At that time, I routinely purchased some new issue chips from Ricky P. at all-chips.com. Mostly Atlantic City chips, but Ricky also got new/uncirculated chips from Las Vegas. I ordered one of the Mirage “Poker” chips, and when it arrived, I noticed it only said “Poker” on 1 side. Ricky may have noticed the error, independent of me, of my inquiry to him may have been the first notice of it. Anyway, he checked his stock for other errors and the word was out about the regular vs. error chip … and eventually the double-error chip too. (Regular = “Poker” on both sides; Single error = “Poker” on one side only; Double error = “Poker” missing on both sides.)

ChipGuide and TCR both acknowledge the 3 versions in their listings, with the double-error being the rarest. I’ve been able to acquire all 3 versions, but paid a premium for the double-error.

Now for some speculation & mathematics. (If anyone has better math, I’m interested – this is just my personal speculation.) –

Let’s say these inlays (7/8 inch in diameter, I think) are produced from a master page (8-1/2 x 11 inch) in a 5 x 10 arrangement, or 50 inlays per page. Since you need 2 inlays per chip, each page, when reproduced in quantity, will make 25 x 2-sided chips. Equivalent to saying it takes 4 pages of inlays to make a box of chips (100 chips per box).

Let’s further speculate that the master page, which is supposed to have “Poker” written on EVERY inlay, has only 49 inlays with “Poker”, while the 50th inlay does NOT say Poker – in error.
That means, when producing “side 1”, 49 out of 50 (98%) are correct and 1 out of 50 (2%) are errors. Now it’s time for “side 2”: 98% x 98% = 96.04% correct chips with “Poker” on both sides. The remaining 4% are either single-error or double-error chips. The double-errors occur at the rate of 2% x 2% = 0.04%, assuming random distribution of error assembly between side 1 and side 2. The remaining production of chips will have 1 error (either side 1 or side 2, but not both).

Given a quantity of 10 boxes of chips (= 1000 chips), 960 chips will be correct, 39.6 will have a single error, and 0.4 (or about ½ chip per 10 boxes) will be a double error.

If Mirage ordered 200 boxes of chips (my estimate only; may be high or low??), that’s about 392 single-error chips and only 8 double-error chips.
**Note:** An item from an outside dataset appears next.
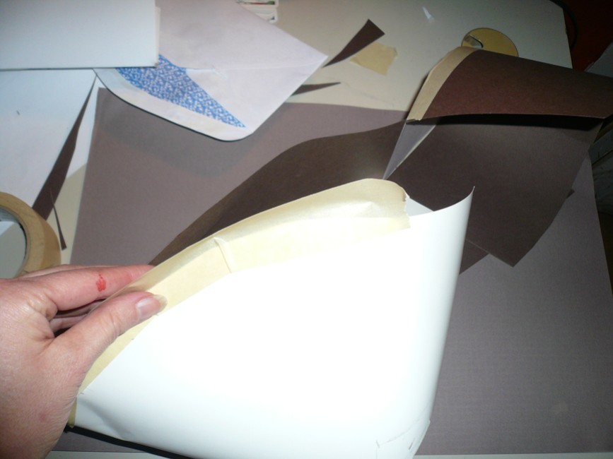 Also I used a lot of masking tape and cut and constructed and untaped and re-cut and re-taped for a couple hours until . . . .
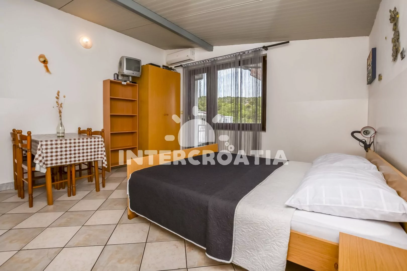 Apartmán (26 m2) typu studio se sdílenou terasou, výhledem na moře a venkovním posezením se nachází v 1. patře domu. Obývací místnost je spojena s kuchyní. Kuchyňská linka je vybavena dvouplotýnkovým vařičem, rychlovarnou konvicí, nádobím a lednicí s mrazákem, na požádání kávovar. Obývací místnost s jídelním stolem, pohovkou, dvoulůžkem, televizí a klimatizací. Koupelna se sprchovým koutem, umyvadlem a wc. Hostům je k dispozici parkování u objektu zdarma.

Important caveat: My personal estimate is that the errors happened more frequently than the above, as I think there are quite a few more than 8 double-errors out there. This could occur if there are less than 50 chips printed on the master page (for example, a 5 x 5 page would have only 25 chips per page); or the error rate may be more than a single error per page. Any adjustment would produce more errors (single and double) than the above illustration.

Suffice it to say the ratio of double-errors vs. regular chips is still extremely low, leading to a substantial price & rarity differential between them.